►

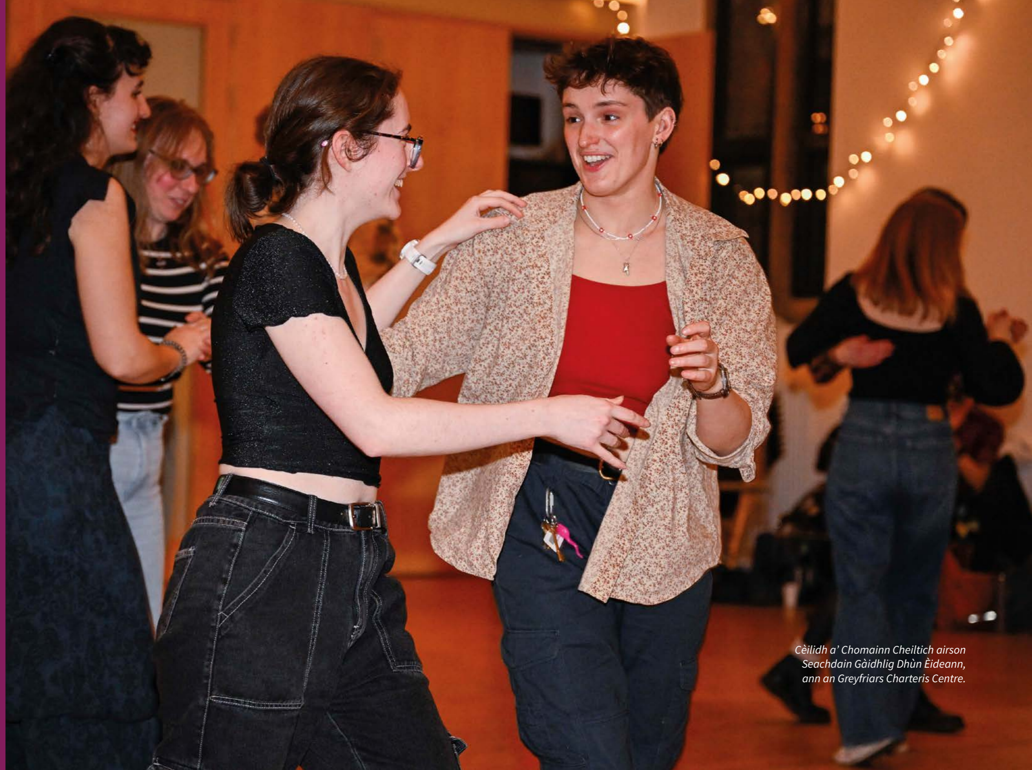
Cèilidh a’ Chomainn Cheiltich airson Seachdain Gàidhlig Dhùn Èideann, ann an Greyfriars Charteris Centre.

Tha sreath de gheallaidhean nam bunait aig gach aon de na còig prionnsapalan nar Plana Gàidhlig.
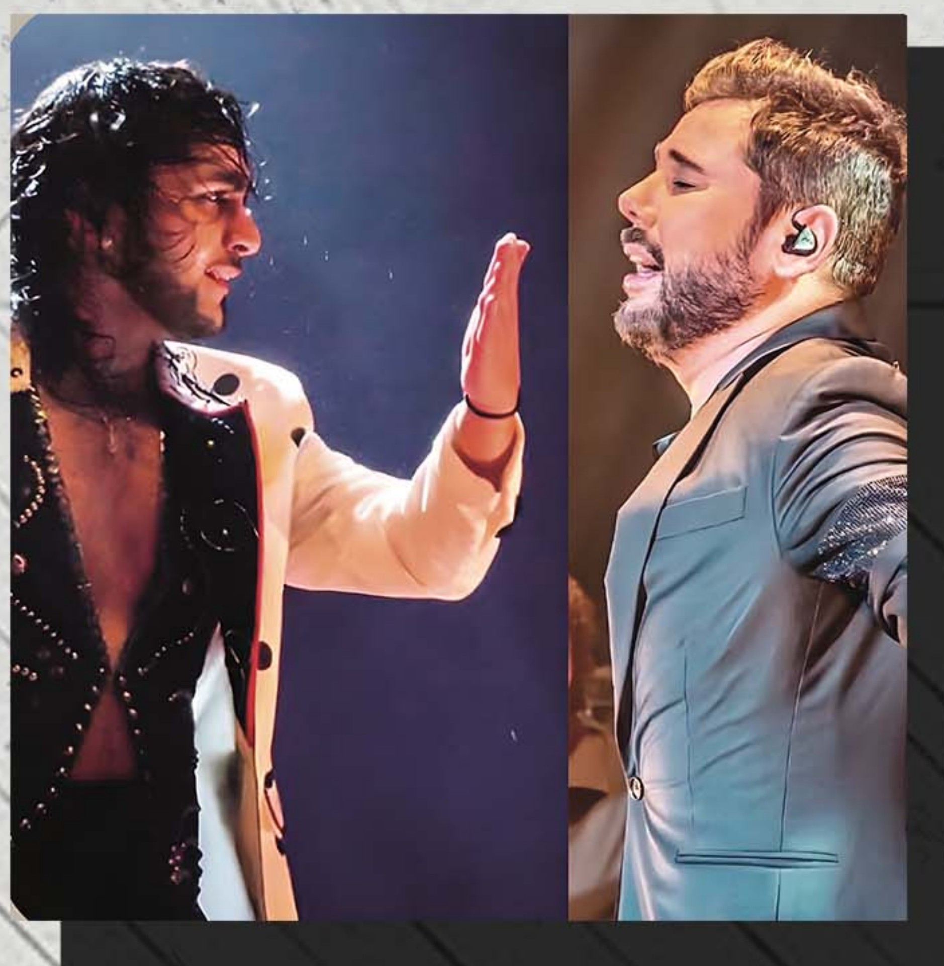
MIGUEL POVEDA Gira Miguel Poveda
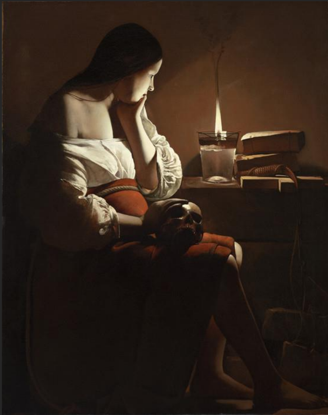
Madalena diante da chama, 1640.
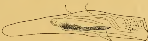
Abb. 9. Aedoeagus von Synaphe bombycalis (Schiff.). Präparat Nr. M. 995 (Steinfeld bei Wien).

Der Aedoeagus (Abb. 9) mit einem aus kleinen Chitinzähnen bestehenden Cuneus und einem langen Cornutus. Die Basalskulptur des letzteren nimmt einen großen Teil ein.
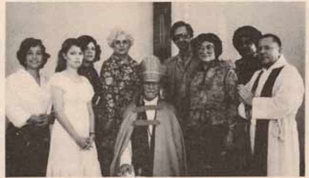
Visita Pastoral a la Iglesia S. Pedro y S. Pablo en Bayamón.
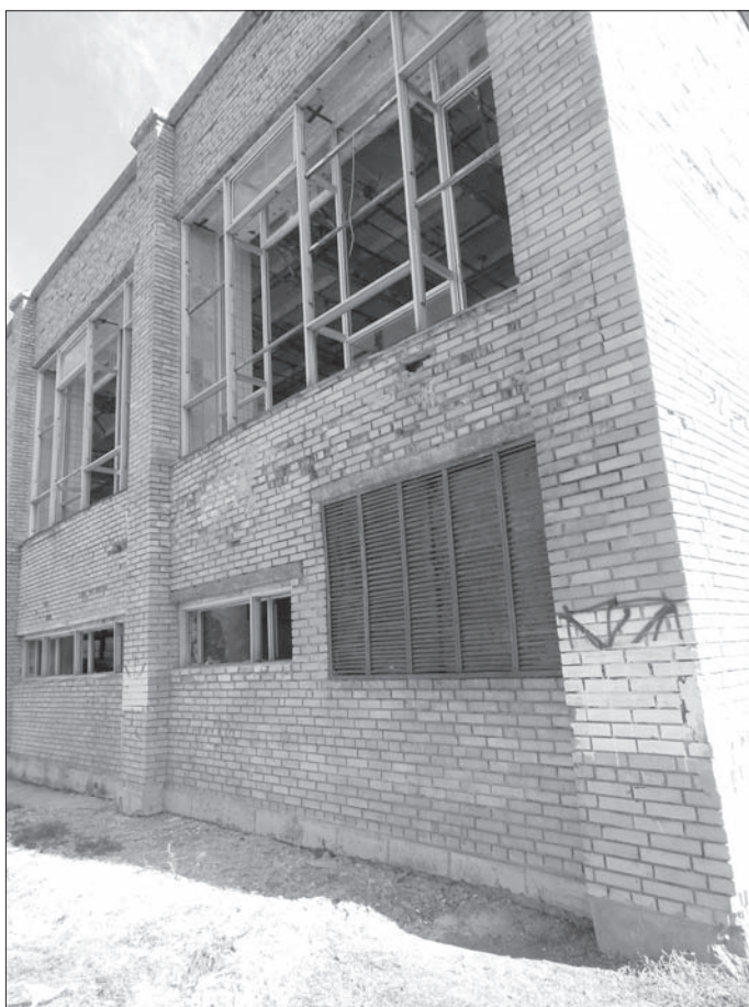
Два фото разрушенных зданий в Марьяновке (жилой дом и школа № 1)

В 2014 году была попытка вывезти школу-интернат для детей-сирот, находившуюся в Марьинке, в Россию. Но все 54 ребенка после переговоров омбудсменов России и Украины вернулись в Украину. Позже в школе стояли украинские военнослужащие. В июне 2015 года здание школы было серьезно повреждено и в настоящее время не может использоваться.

◄

* _WHAT IS REQUIRED_: Copy out each line of the data in which the word "Aedoeagus" appears.

* _ANSWER SECTION_:
Abb. 9. Aedoeagus von Synaphe bombycalis (Schiff.). Präparat Nr. M. 995 (Steinfeld bei Wien).
Der Aedoeagus (Abb. 9) mit einem aus kleinen Chitinzähnen bestehenden Cuneus und einem langen Cornutus. Die Basalskulptur des letzteren nimmt einen großen Teil ein.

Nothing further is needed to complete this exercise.